Preferably, in step 1, n pieces of original audio data are collected, the maximum sequence length of the audio data is obtained, and each piece of audio data is filled with zero to the maximum length, so as to obtain the confrontation sample restoration training data set.
Preferably, step 2 comprises:
(2a) setting network structure parameters including an input layer, an encoder hidden layer based on a BilSTM network, an implicit variable layer, a decoder hidden layer based on the BilSTM network and an output layer;
(2b) building an RAE network by combining the structural characteristics of a BilSTM network and an AE network, wherein the RAE network structure sequentially comprises the following steps: input layer → encoder hidden layer based on BilSTM network → hidden variable layer → decoder hidden layer based on BilSTM network → output layer, thus obtaining initial RAE network.
Preferably, step 3 comprises:
(3a) using the input and reconstructed audio samples, according to a formulaCalculating the mean square error, where l is the audio length, xtThe raw data representing the time t is shown,reconstruction data representing time t;
(3b) using input audio samples, according to a formulaCalculating a reconstruction error weight for the audio data at each time instant, wherein xt 2Representing the intensity of the speech signal at time t, the weight w follows xt 2Is increased and decreased, lambda is more than 0, and is a scale parameter, the larger lambda is, the weight w is along with xt 2The faster the increase and decrease;
(3c) multiplying said mean square error by a reconstruction error weight, i.e. according to a formulaAnd calculating to obtain the high-fidelity audio reconstruction loss.

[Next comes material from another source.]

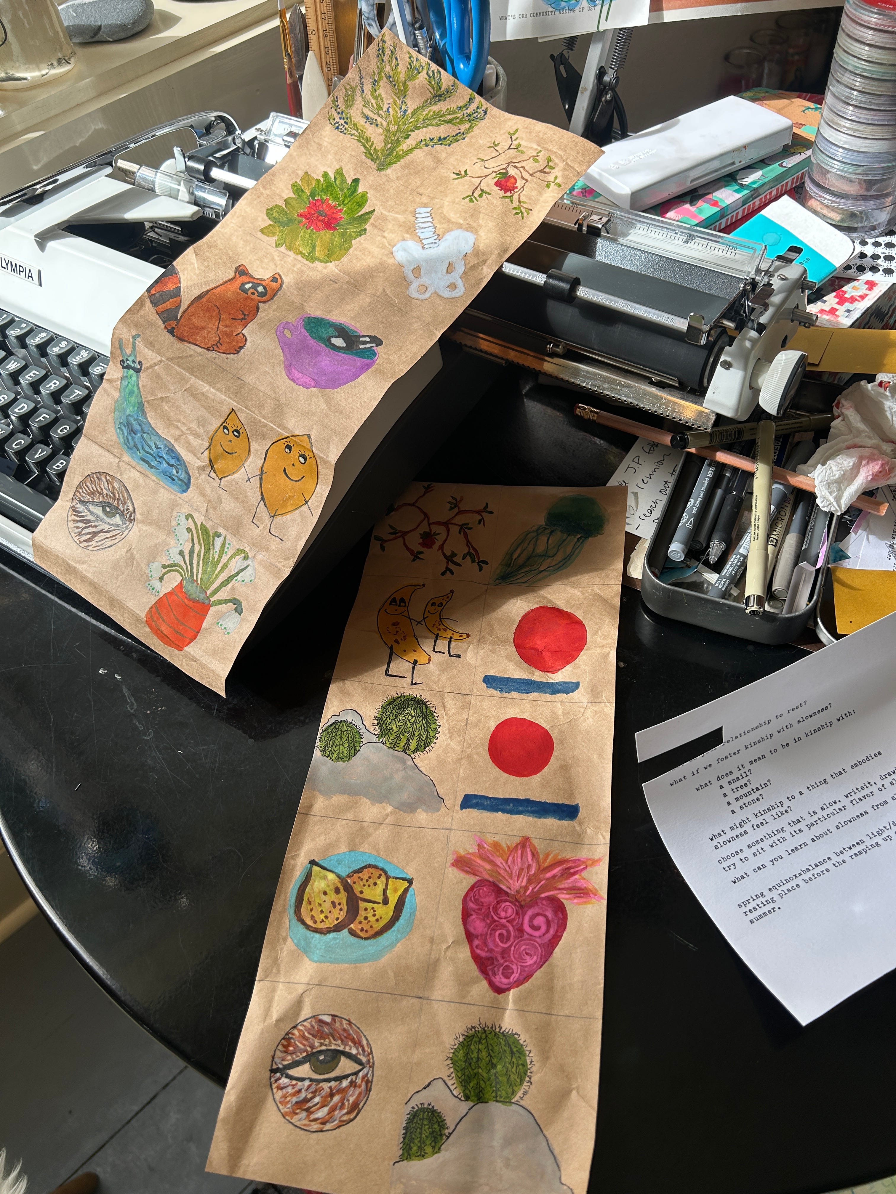 I spent much of yesterday moving between the digital work of wrapping up our Kickstarter page and making my own analog tokens. The reason I am writing in coherent sentences today is because I took breaks from my computer’s screen and spent time with my typewriter, glue, and watercolors. Never before have I felt the power of joyful practice than over the last few weeks, while Jenn and I have been swimming in the current of the analog-digital estuary. I’m not sure how Canva manages to eat a day in one gulp, but oh my gods, when did 11am become 5pm?!?!

Preferably, the formulaThe high fidelity audio reconstruction loss function expressed is an adaptive weighted mean square error loss function that allows large reconstruction errors to be generated where the speech signal strength is large and limits the errors where the speech signal strength is small.

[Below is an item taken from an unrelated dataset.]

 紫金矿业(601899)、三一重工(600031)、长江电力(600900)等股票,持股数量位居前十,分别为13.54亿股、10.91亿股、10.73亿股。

Preferably, step 4 comprises:
(4a) setting training parameters including iteration turns T, small batch size s and learning rate eta, and selecting an optimization algorithm, wherein the optimization algorithm is based on 1-order gradient;
(4b) reading the confrontation sample restoration training data set to divide the original audio data set intoPreprocessing the small batch of data sets to obtain a preprocessed confrontation sample restoration training data set;represents rounding up;
(4c) restoring a training data set by using the preprocessed confrontation sample, and carrying out back propagation training on the initial RAE network according to the high-fidelity audio reconstruction loss and the learning rate eta by adopting the selected optimization algorithm: will be provided withSequentially inputting the small-batch data into an RAE network, repeating T rounds according to the sequence of forward propagation, backward propagation and weight updating by using the selected optimization algorithm, and counting iterationAnd stopping training after the next time to obtain the trained RAE network.

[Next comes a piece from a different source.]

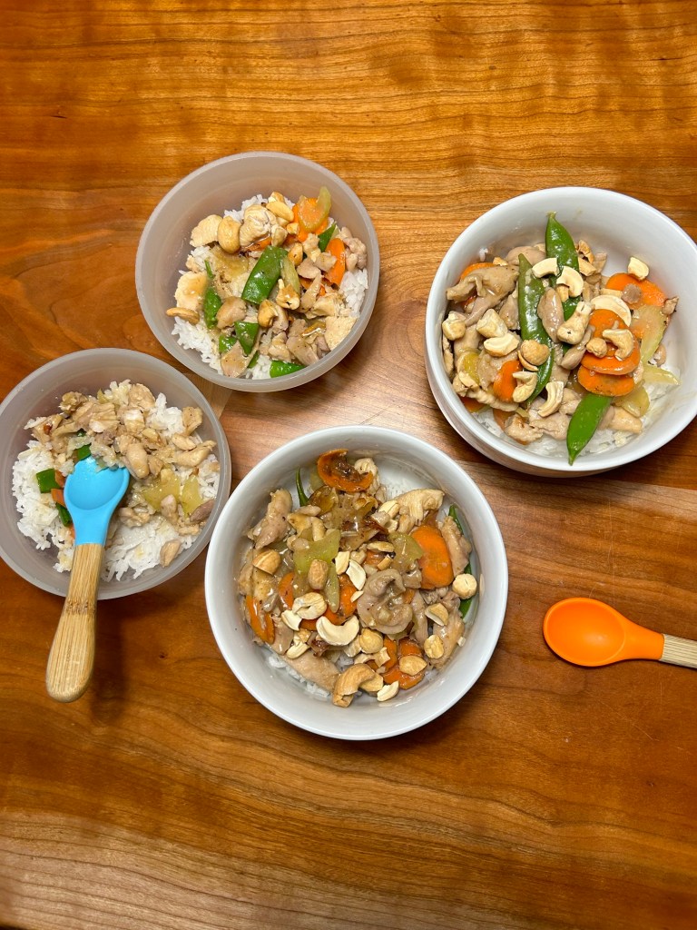 We had a pretty simple Sunday. Joey and Dempsey picked up biscuit sandwiches for us three and a hash brown for Sissy. He had a bit of a cry over how his kept slipping apart. Poor buddy! Joey was feeling pretty rough, so we decided it would be best if he didn’t join us at the celebration. I got our salads made before we took off, thanks to a little helper, who stuffed in all the salad greens and put the lids on the jars 🥺 It was nice seeing everyone at the brewery and I think Elliott would’ve loved the donut keychains and big 5 balloon they had for her. Back at home, Lydia took another nap, Dempsey and Joey watched a movie and I made us cashew chicken for dinner. I can’t seem to not make a mess with oil when I use the wok but the meal always turns out good! Got the kids to bed and finished Anatomy of a Fall. I thought it was very good. I could see how someone might find it slow and uneventful, but I thought it was completely fascinating and complex. Sandra Hüller was incredible and so deserving of that Best Actress nomination. In other news, Joey has slept on the floor of Dempsey’s room the past two nights, while I sleep with Lydia (in her crib) in our room, so three of us have slept good 😋😬 I know this is just a phase, but I’m hoping it gets better sooner rather than later.

Preferably, the optimization algorithm is the Adam algorithm.
Preferably, step 5 comprises:
(5a) reading a countermeasure sample, repairing the countermeasure sample by using a trained RAE network model, and outputting the repaired sample; the confrontation sample is audio data generated by a voice confrontation sample generation algorithm, and the confrontation sample induces the voice recognition model to generate a false recognition result by adding disturbance on a clean sample;
(5b) inputting the confrontation sample and the repaired sample into a voice recognition model, observing the repairing effect of the confrontation sample, if the repairing effect of the confrontation sample shows that the repaired sample is correct in recognition result, the repairing is successful, otherwise, the repairing is failed.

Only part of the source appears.